In questo rapporto, l'utilità di analisi blot quantitativo dot per studiare AAV AAPs e il loro ruolo nell'assembly del capsid è descritto. Conoscenze acquisite da questi studi possono fornire approfondimenti dettagliati nelle differenze innate nel processo di assemblaggio del capside AAV ed il ruolo funzionale di AAPs tra diversi sierotipi. A questo proposito, il punto croce-complementazione AAV VP3-AAP blot analisi ha rivelato che serpente AAV VP3 visualizzato una rigorosa dipendenza il co-espressione di sue cognate AAP per l'assemblaggio del capside e che serpente AAP non promuovere l'Assemblea del capside dei sierotipi eterologi . Questa osservazione è intrigante perché l'AAV AAP-dipendente dei sierotipi che sono stati precedentemente studiati (AAV1, 2, 3, 6, 7, 8, 9 e 12) sono tutti in grado di elaborare assembly almeno in una certa misura utilizzando un eterologa AAP6.
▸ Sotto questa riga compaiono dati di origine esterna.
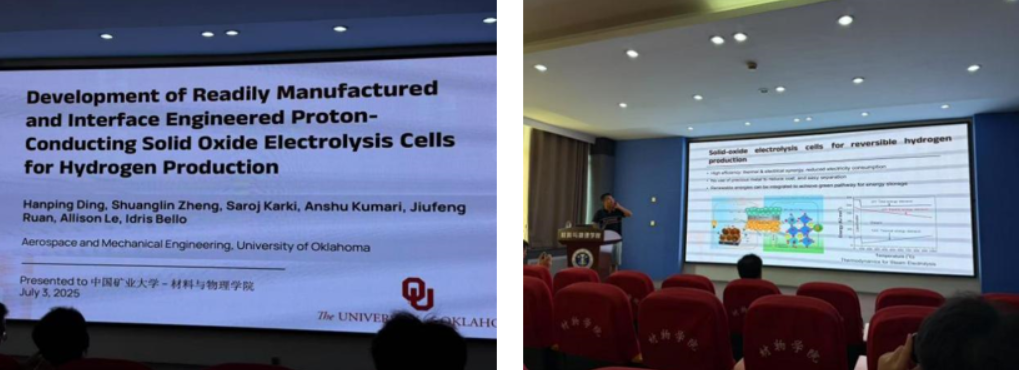 2025年7月3日,来自美国俄克拉荷马大学(University of Oklahoma)航天与机械工程系的丁汉平教授(Prof. Hanping Ding)应凌意瀚老师之邀来到公司与师生开展了精彩的学术交流活动,并于材料楼A105作了题为:“Development of Readily Manufactured and Interface Engineered Proton-Conducting Solid Oxide Electrolysis Cells for Hydrogen Production”的专题学术讲座。

Ibridazione della macchia del puntino o in scanalatura quantitativa è un metodo tradizionale per la quantificazione degli acidi nucleici contenute in campioni multipli allo stesso tempo in un modo conveniente di25. Il metodo era stato ampiamente usato per la quantificazione di DNA e RNA finché qPCR divenne prevalente nell'1990s26,27. Anche se qPCR presenta i vantaggi sopra la macchia del puntino quantitativa ed altri saggi basati su ibridazione in quel qPCR esibisce una maggiore sensibilità e una gamma dinamica più ampia, comporta anche un rischio intrinseco di esponenzialmente aumentando errori inconsapevolmente, che era il caso per i titoli delle scorte di vettore AAV determinate da qPCR13,23. Analisi di quantitativi dot blot sono impostare facilmente con un costo economico e facilmente effettuate, purché i ricercatori avranno a disposizione un sistema di imaging molecolare quantitativo che può acquisire segnali da dot blot membrane ibridate con una sonda o radioattiva o una sonda fluorescente o chemiluminescente non radioattivo. Anche se questo protocollo utilizza 32P-identificato sonde radioattive per rilevazione del segnale, altri utilizzano con successo le sonde del DNA non radioattivo direttamente etichettate con una fosfatasi alcalina termostabile commercialmente disponibili28. Analisi di dot blot sfruttano un principio semplice e il dosaggio di per sé non costituisce una sfida tecnica agli esecutori; Pertanto, i risultati sono generalmente riproducibili anche da individui inesperti.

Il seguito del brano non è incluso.